И Федь положил трубку, оставив Ольгу в радостном недоумении. Первой мыслью её было: Федь поступает справедливо, это так, я действительно участвую на равных. И Вадим — он тоже на равных. Филимонов узнает — одобрит. Одобрит и…
Она плюхнулась на подушку, продолжая думать о Филимонове, о том, как он будет поздравлять её и уверять, что не только приставка, но и сам импульсатор не был бы создан, не будь её расчётов, подсказок, предложений и даже самостоятельных оригинальных решений. Ольга схватилась за эти радужные мысли и отдавалась им с детской готовностью и восторгом. Она знала, что импульсатор был создан без неё, при ней, но без неё, что вместе с импульсатором она и сама росла как математик.

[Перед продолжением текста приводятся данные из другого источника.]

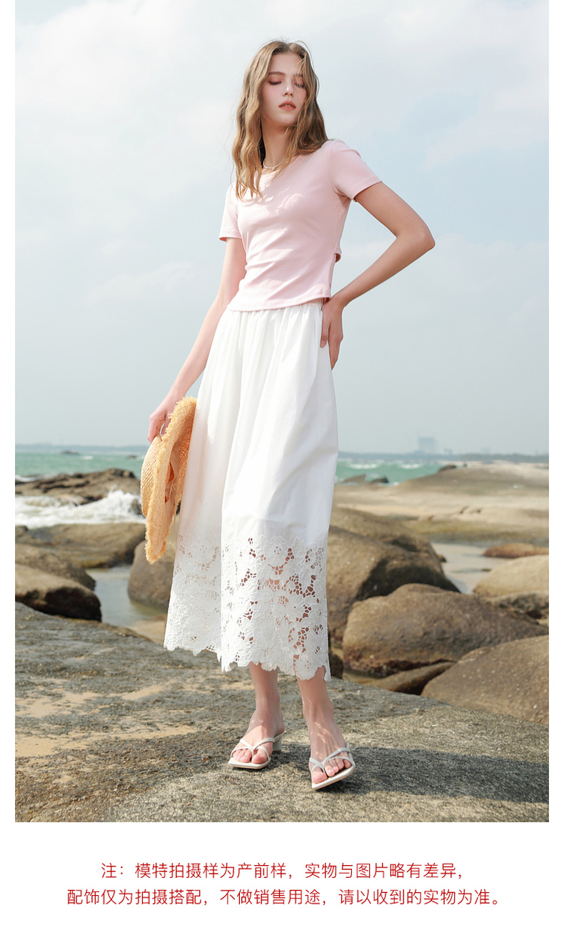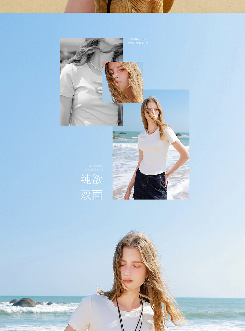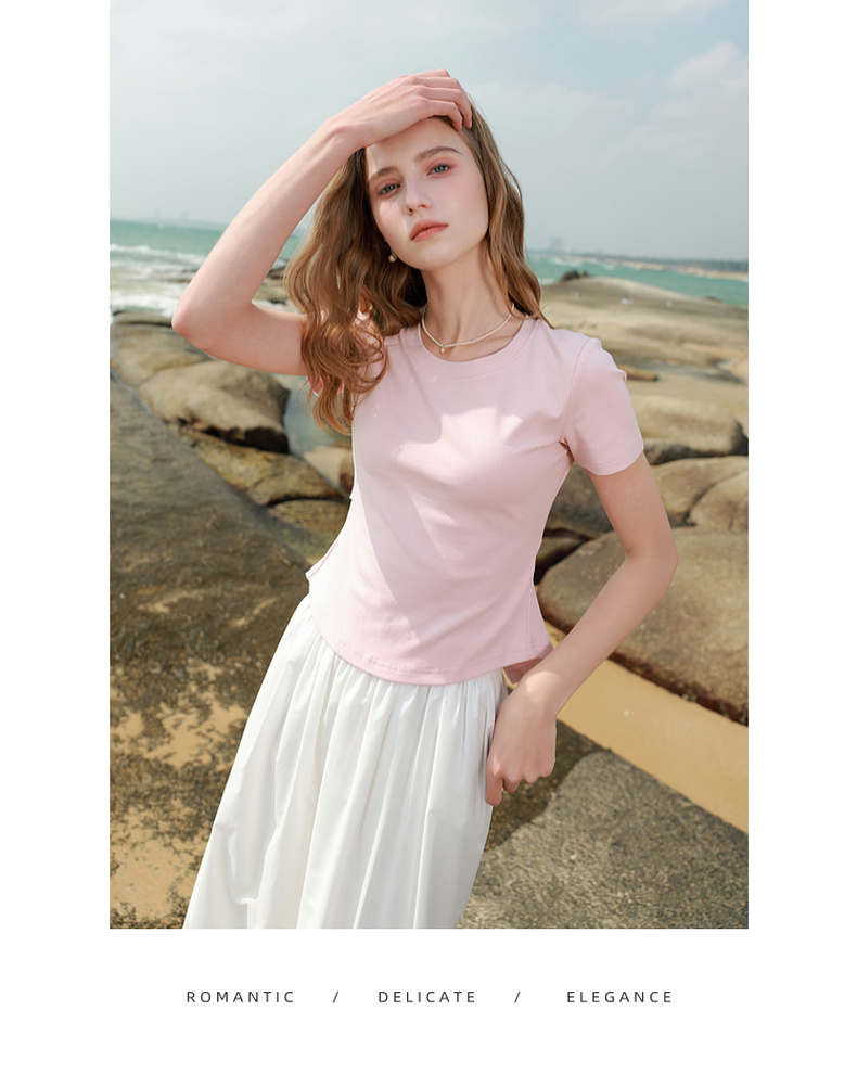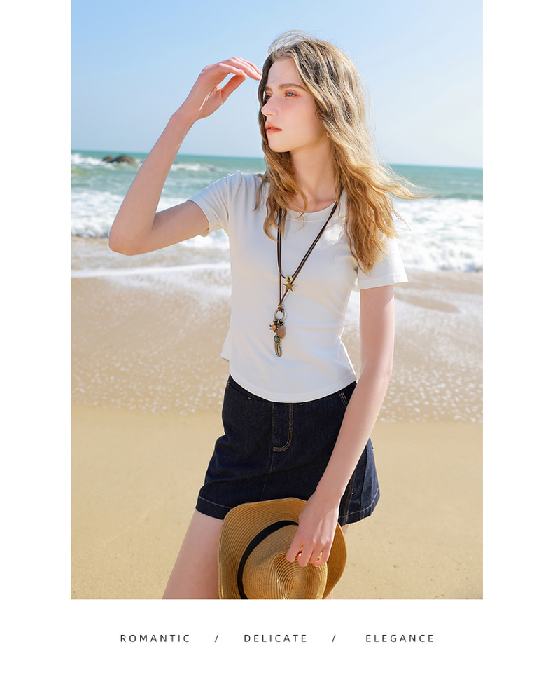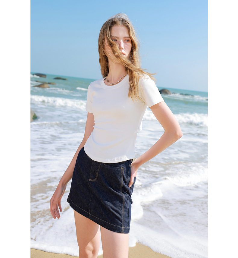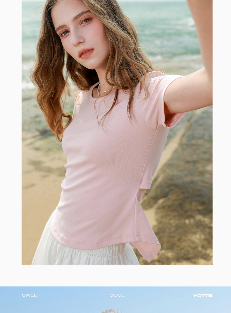 三彩2025春季新款纯色T恤修身正肩短袖镂空绑带短款上衣M

Филимонов, создавая своё детище, создавал и её, и если в приставке действительно есть её почти равная доля, то и тут заслуга Филимонова. Он её выучил, ввёл в мир таинственных чудес, и всё, что она делает для приставки Федя, это его, Филимоново, — об этом знает она, знают другие, и пусть знает весь мир — одно только осознание этого наполняет её сердце сладкой неизбывной радостью.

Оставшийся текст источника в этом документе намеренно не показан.